Letting what comes come — and acknowledging that some things simply won't ever occur at all — isn't an easy truth to grapple with. Nonetheless, it's also one of this contemplative feature's achievements, even though it's a type of detective story through and through. Tesson and Munier follow clues to search for the snow leopard, moving positions and setting up blinds wherever they think will score them their sought-after footage. In the process, they learn a lesson as all sleuths do. As they face the possibility that they might not be successful, which Tesson's perceptively navel-gazing narration explains, The Velvet Queen becomes a mindfulness course in filmic form. It has something astonishing that all the Calm, Headspace and similar apps in the world don't, though: the film's on-the-ground recordings (well, 5000-metres-up recordings), which show why finding peace with life's ebbs and flows is all that we can really hope for. 

Accompanied by a stirring score from Australian icons and lifelong bandmates Warren Ellis and Nick Cave — their latest contribution to cinema on a resume that includes The Proposition, The Road, Hell or High Water and Wind River before it — it's no wonder that The Velvet Queen's philosophising voiceover also notes that "waiting was a prayer". It's similarly unsurprising that Tesson penned a book, The Art of Patience: Seeking the Snow Leopard in Tibet, based on the trip captured in the documentary. In fact, if you're the kind of person who keeps their peepers peeled for feline life in any new neighbourhood you visit, or even if you're just strolling around your own, this feature firmly understands. More than that, it one-ups you, while also connecting with the act of scouring and seeking as much as the potential joys of getting what you wish for.

To stress the point, poetic missives about being content with what you have are peppered through as well. Think: Werner Herzog (The Fire Within: Requiem for Katia and Maurice Krafft) meets Terrence Malick (A Hidden Life), complete with the penchant for whispering that's such an established part of the latter's work. Keeping a hushed vocal tone is wholly justified when you're trying not to disturb nature, however, which is also key among The Velvet Queen's goals. It may not boast the descriptive and scientific run-through of a David Attenborough (Prehistoric Planet)-hosted nature doco, but this film is committed to taking in its worshipped namesake and the plateau's other residents in all their innate and inherent glory. Most of the narration is precisely deployed as a result, letting the movie's visuals do the bulk of the work — but helping, emphasising and augmenting what's already a ruminative mood.

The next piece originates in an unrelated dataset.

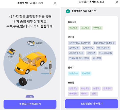 초정밀진단에서는 41가지 항목을 통해 내 차 종합 세부 상태를 꼼꼼하게 관리할 수 있습니다.

What majestic and magnificent imagery it is, too, especially when Amiguet, Munier and Jacquot are standing back, taking in the land as far and wide as the lens can see, and letting the audience do the spotting along with them. A sense of distance radiates throughout the movie, visibly showing the remove that Munier and Tesson remain at for their safety, and to increase their chances of seeing a snow leopard — and also underscoring that chasm between humanity and nature that Tesson talks about. When The Velvet Queen does zoom closer during its 92-minute duration, the end product is similarly breathtaking. Scenes of a Pallas' cat in pounce mode give off a mischievous vibe — again, the connections with everyday life are plain to see; anyone with a cat in their lives will recognise the links — and a sequence of portrait-like telephoto-lens closeups belongs on gallery walls.

Add The Velvet Queen to the ranks of meditative and transportive cinema, alongside films such as Jennifer Peedom's River and Mountain, for instance — features that know the power of communing with our environment and its vast array of other inhabitants. Add it to the list of such movies that look on in spellbinding awe but never with simplicity, including when surveying the complexities of making this very documentary. Add it, as well, to the always-needed reminders about interacting with the tangible over the digital, knowing how existence's cycles affect us all, finding serenity where and how you can, and accepting life's unshakeable certainties. The Velvet Queen doesn't always need lines as flowery as "prehistory wept, and each tear was a yak" or "for me, a dream; for him, a rendezvous" to go with it, but it's always a film of beauty, feeling, insight and inspiration.